§ Assignment: From the line that contains "Συγκεκριμένα, στον Θεολόγο" down to the last line of the entries, repeat every line exactly. Do not carry over the pictures.

Dataset entries:
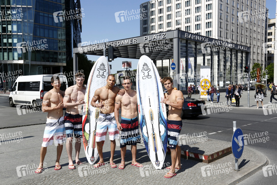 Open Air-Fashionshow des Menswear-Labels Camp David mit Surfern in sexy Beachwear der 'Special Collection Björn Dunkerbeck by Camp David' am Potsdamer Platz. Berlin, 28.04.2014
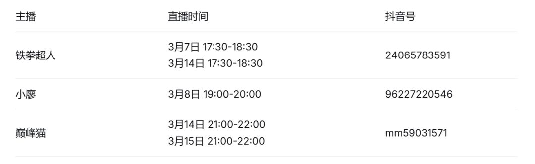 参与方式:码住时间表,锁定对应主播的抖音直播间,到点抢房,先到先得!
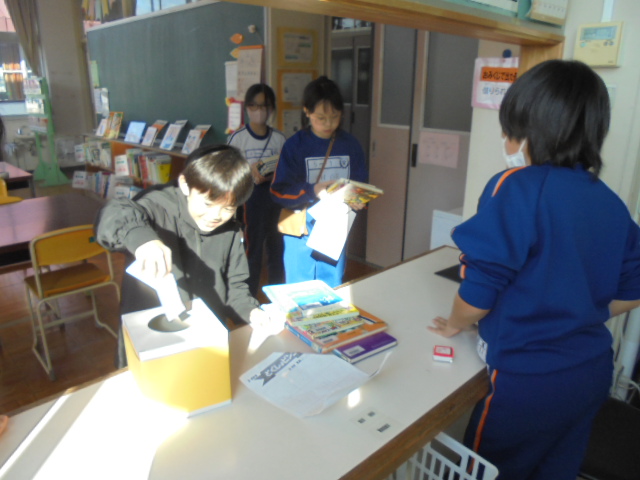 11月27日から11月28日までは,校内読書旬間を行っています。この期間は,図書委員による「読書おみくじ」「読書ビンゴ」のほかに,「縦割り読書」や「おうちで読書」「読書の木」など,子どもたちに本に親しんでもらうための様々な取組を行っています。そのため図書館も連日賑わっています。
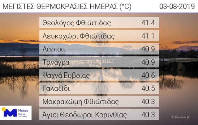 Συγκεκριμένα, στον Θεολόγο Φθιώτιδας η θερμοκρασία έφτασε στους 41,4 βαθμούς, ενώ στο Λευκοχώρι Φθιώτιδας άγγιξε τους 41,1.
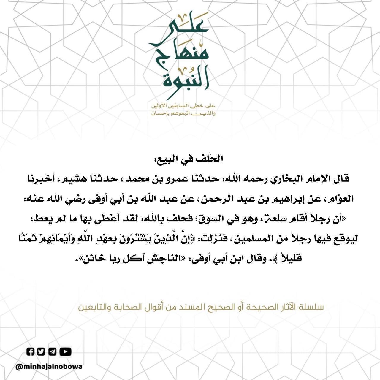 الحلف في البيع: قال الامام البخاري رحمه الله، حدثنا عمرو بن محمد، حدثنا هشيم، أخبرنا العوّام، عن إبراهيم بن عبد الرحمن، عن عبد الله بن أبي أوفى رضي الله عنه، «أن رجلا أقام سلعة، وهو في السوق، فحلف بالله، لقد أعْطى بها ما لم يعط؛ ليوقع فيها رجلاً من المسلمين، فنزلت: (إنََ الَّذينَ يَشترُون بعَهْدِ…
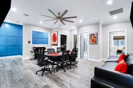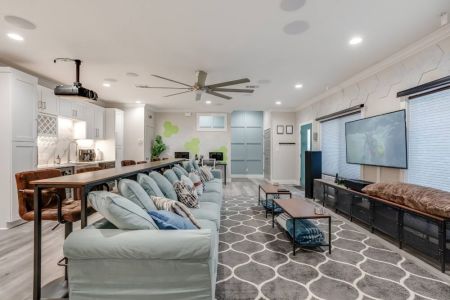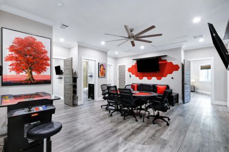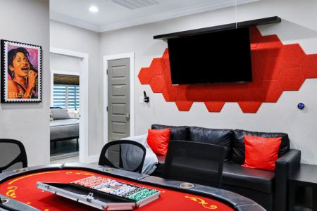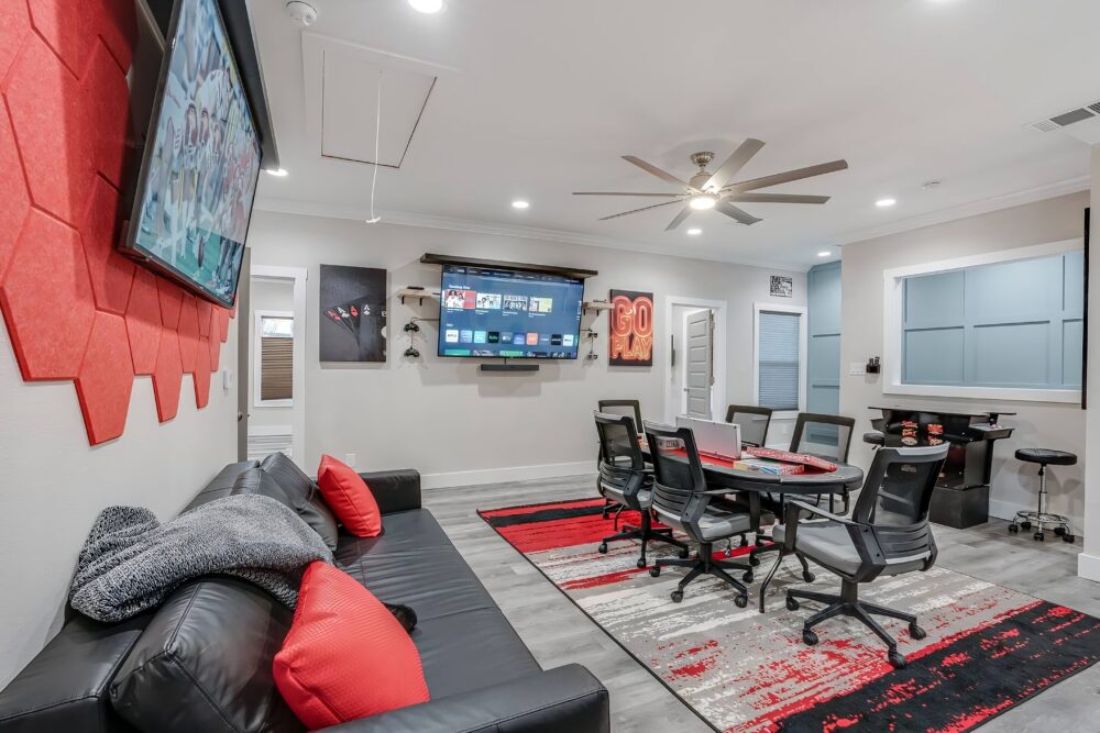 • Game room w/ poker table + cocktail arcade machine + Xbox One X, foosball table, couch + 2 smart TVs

§ Solution for this problem:
 Συγκεκριμένα, στον Θεολόγο Φθιώτιδας η θερμοκρασία έφτασε στους 41,4 βαθμούς, ενώ στο Λευκοχώρι Φθιώτιδας άγγιξε τους 41,1.
 الحلف في البيع: قال الامام البخاري رحمه الله، حدثنا عمرو بن محمد، حدثنا هشيم، أخبرنا العوّام، عن إبراهيم بن عبد الرحمن، عن عبد الله بن أبي أوفى رضي الله عنه، «أن رجلا أقام سلعة، وهو في السوق، فحلف بالله، لقد أعْطى بها ما لم يعط؛ ليوقع فيها رجلاً من المسلمين، فنزلت: (إنََ الَّذينَ يَشترُون بعَهْدِ…
 • Game room w/ poker table + cocktail arcade machine + Xbox One X, foosball table, couch + 2 smart TVs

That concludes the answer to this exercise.